Overlapping the differentially expressed probe sets from both AB and WIK produces a set of 40 probes mapping to 36 genes that are differentially expressed between males and females, regardless of strain (Fig. 2C; Supplementary Dataset 3). Of these, only 6 probes have a positive fold change indicating an increased expression of the transcript in males relative to females and 34 have a negative fold change indicating an increased expression of the transcript in females relative to males. Examples of mRNA transcripts conserved across strains include the protein responsible for converting androstenedione to testosterone (hsd17b3) in males and an egg yolk precursor (vtg1-7) and estrogen receptor (esr1), two well-known female-specific transcripts.

mRNA expression profiles differ between strains

Within males, 292 probes representing 269 genes are significantly different between AB, TU, and/or WIK males (Figs 3A and 4; Supplementary Dataset 4). Seventy-three (73) probes varied between TU and WIK (AB = 0 fold-change), 117 probes varied between AB and WIK (TU = 0 fold-change), and 102 probes varied between AB and TU (WIK = 0 fold-change). Within the strains, the percentage of transcripts with significantly increased expression accounted for 49.2–62.5% of the mRNA transcripts, with a mean of 56.3%. Gene ontology analysis of 237 gene IDs (88.10%) mapping to Danio rerio shows that differences between AB, TU, and/or WIK males are not restricted to one cellular compartment or molecular function, but are over-represented by the biological process of circadian regulation of gene expression (45.89-fold enriched, q-value = 7.20 × 10−3).

Figure 3
figure3

Top 20 most significant differentially expressed genes between strains. Positive fold change values indicate an increase in mRNA gene expression and negative fold change values indicate a decrease in mRNA gene expression. AB is represented by black bars, TU is represented by checkered bars, and WIK is represented by white bars. (A) In males the top 20 q-values range from 0.0003 to 0.0020. (B) In females the top 20 q-values range from 0.0005 to 0.0014. (C) Regardless of sex the top 20 q-values range from 0.0007 to 0.0077. See supplementary datasets 4–6 for gene symbol definitions.

Figure 4
figure4

Differentially expressed mRNA transcript heatmaps. Individual heatmaps for males alone, females alone, and shared between the sexes (global) across AB, TU, and WIK strains. Blue indicates a positive fold change in expression, red indicates a negative fold change in expression. Higher saturation indicates stronger positive or negative fold change.

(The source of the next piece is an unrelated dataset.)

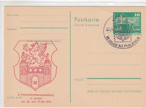 Jarmen Mecklenburg Postkarte mit Sonderstempel 1979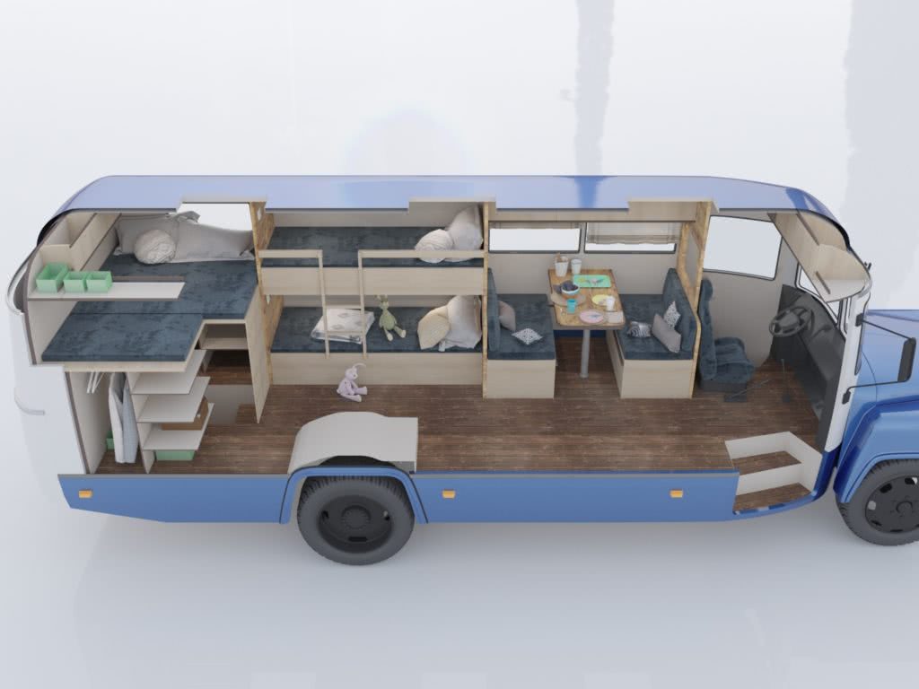 Отделка внутри автомобиля выполняется по собственным предпочтениям. Дом на колесах оборудуется полками, элементами декора и мебелью. В дополнение можно создать навес, который по потребности можно раскрыть на природе.

In females, 220 probes representing 212 genes are significantly different between AB, TU, or WIK (Figs 3B and 4; Supplementary Dataset 5). Fifteen (15) probes varied between TU and WIK (AB = 0 fold-change), 80 probes varied between AB and WIK (TU = 0 fold-change), and 125 probes varied between AB and TU (WIK = 0 fold-change). Within the strains, the percentage of transcripts with significantly increased expression accounted for 57.0–67.5% of the mRNA transcripts, with a mean of 60.5%. Gene ontology analysis of 183 gene IDs (86.32%) mapping to Danio rerio shows that differences between AB, TU, and/or WIK females occur largely at the endoplasmic reticulum membrane (5.32-fold enriched, q-value = 9.58 × 10−4). Biological processes affected include protein targeting to the endoplasmic reticulum (49.52-fold enriched, q-value = 5.06 × 10−3), membrane assembly (31.28-fold enriched, q-value = 3.07 × 10−2), and single-organism metabolic processes (2.50-fold enriched, q-value = 3.27 × 10−3). These over-represented biological processes are largely driven by catalytic activity (1.72-fold enriched, q-value = 4.34 × 10−3).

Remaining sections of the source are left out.